[Opening Extracted data section]
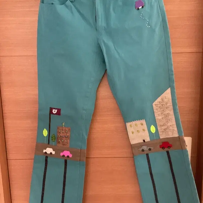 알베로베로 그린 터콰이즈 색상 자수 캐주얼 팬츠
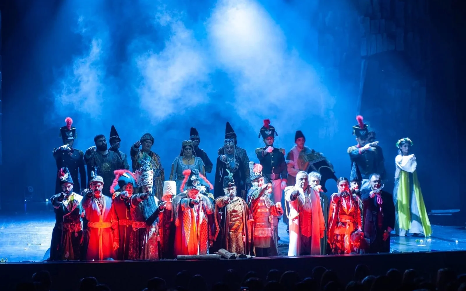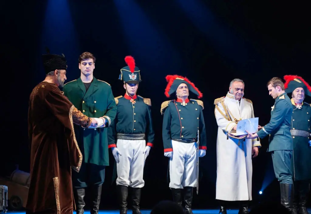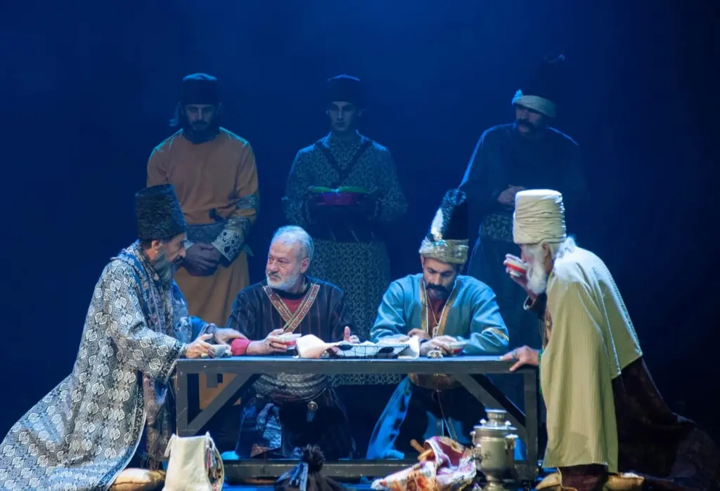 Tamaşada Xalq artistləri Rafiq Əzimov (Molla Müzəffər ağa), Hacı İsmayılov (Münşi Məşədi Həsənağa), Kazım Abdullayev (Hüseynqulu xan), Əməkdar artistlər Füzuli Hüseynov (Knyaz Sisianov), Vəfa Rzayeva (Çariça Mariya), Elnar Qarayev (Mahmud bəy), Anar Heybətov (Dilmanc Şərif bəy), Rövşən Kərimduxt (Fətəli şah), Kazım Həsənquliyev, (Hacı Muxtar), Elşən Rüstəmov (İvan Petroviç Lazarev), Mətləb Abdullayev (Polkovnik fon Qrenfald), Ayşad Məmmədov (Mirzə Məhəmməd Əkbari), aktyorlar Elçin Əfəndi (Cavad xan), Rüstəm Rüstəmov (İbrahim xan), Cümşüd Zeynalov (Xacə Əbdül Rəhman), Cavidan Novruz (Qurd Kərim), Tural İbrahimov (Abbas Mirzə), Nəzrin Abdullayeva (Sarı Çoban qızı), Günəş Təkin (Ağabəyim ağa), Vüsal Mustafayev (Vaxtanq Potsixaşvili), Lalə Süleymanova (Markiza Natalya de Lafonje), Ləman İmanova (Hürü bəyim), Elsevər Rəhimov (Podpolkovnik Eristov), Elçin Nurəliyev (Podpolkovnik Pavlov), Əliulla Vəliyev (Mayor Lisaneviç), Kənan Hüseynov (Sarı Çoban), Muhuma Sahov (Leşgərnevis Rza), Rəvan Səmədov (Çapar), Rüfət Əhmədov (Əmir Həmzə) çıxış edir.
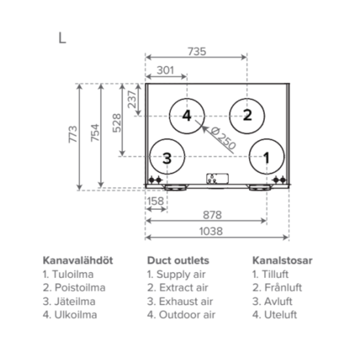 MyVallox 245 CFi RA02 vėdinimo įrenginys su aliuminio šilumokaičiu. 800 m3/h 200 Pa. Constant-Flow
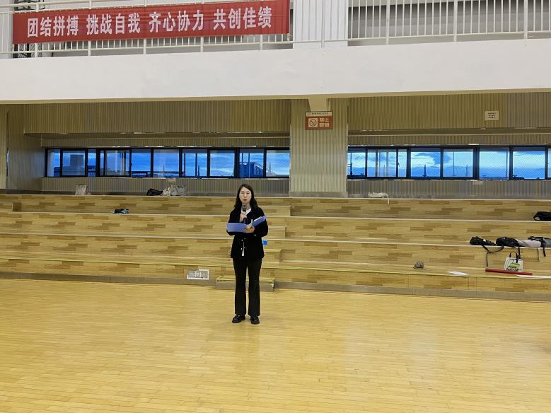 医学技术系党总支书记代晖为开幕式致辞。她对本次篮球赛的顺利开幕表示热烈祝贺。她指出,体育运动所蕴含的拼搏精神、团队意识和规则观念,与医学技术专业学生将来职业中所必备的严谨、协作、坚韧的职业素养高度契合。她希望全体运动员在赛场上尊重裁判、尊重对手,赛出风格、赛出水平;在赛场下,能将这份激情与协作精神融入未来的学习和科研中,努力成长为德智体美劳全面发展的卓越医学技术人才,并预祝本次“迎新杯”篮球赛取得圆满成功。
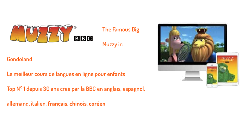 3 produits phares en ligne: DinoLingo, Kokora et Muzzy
[Closing Extracted data section]
What is needed:
Write the entries above out again exactly, but not the pictures.

Result:
 알베로베로 그린 터콰이즈 색상 자수 캐주얼 팬츠
 Tamaşada Xalq artistləri Rafiq Əzimov (Molla Müzəffər ağa), Hacı İsmayılov (Münşi Məşədi Həsənağa), Kazım Abdullayev (Hüseynqulu xan), Əməkdar artistlər Füzuli Hüseynov (Knyaz Sisianov), Vəfa Rzayeva (Çariça Mariya), Elnar Qarayev (Mahmud bəy), Anar Heybətov (Dilmanc Şərif bəy), Rövşən Kərimduxt (Fətəli şah), Kazım Həsənquliyev, (Hacı Muxtar), Elşən Rüstəmov (İvan Petroviç Lazarev), Mətləb Abdullayev (Polkovnik fon Qrenfald), Ayşad Məmmədov (Mirzə Məhəmməd Əkbari), aktyorlar Elçin Əfəndi (Cavad xan), Rüstəm Rüstəmov (İbrahim xan), Cümşüd Zeynalov (Xacə Əbdül Rəhman), Cavidan Novruz (Qurd Kərim), Tural İbrahimov (Abbas Mirzə), Nəzrin Abdullayeva (Sarı Çoban qızı), Günəş Təkin (Ağabəyim ağa), Vüsal Mustafayev (Vaxtanq Potsixaşvili), Lalə Süleymanova (Markiza Natalya de Lafonje), Ləman İmanova (Hürü bəyim), Elsevər Rəhimov (Podpolkovnik Eristov), Elçin Nurəliyev (Podpolkovnik Pavlov), Əliulla Vəliyev (Mayor Lisaneviç), Kənan Hüseynov (Sarı Çoban), Muhuma Sahov (Leşgərnevis Rza), Rəvan Səmədov (Çapar), Rüfət Əhmədov (Əmir Həmzə) çıxış edir.
 MyVallox 245 CFi RA02 vėdinimo įrenginys su aliuminio šilumokaičiu. 800 m3/h 200 Pa. Constant-Flow
 医学技术系党总支书记代晖为开幕式致辞。她对本次篮球赛的顺利开幕表示热烈祝贺。她指出,体育运动所蕴含的拼搏精神、团队意识和规则观念,与医学技术专业学生将来职业中所必备的严谨、协作、坚韧的职业素养高度契合。她希望全体运动员在赛场上尊重裁判、尊重对手,赛出风格、赛出水平;在赛场下,能将这份激情与协作精神融入未来的学习和科研中,努力成长为德智体美劳全面发展的卓越医学技术人才,并预祝本次“迎新杯”篮球赛取得圆满成功。
 3 produits phares en ligne: DinoLingo, Kokora et Muzzy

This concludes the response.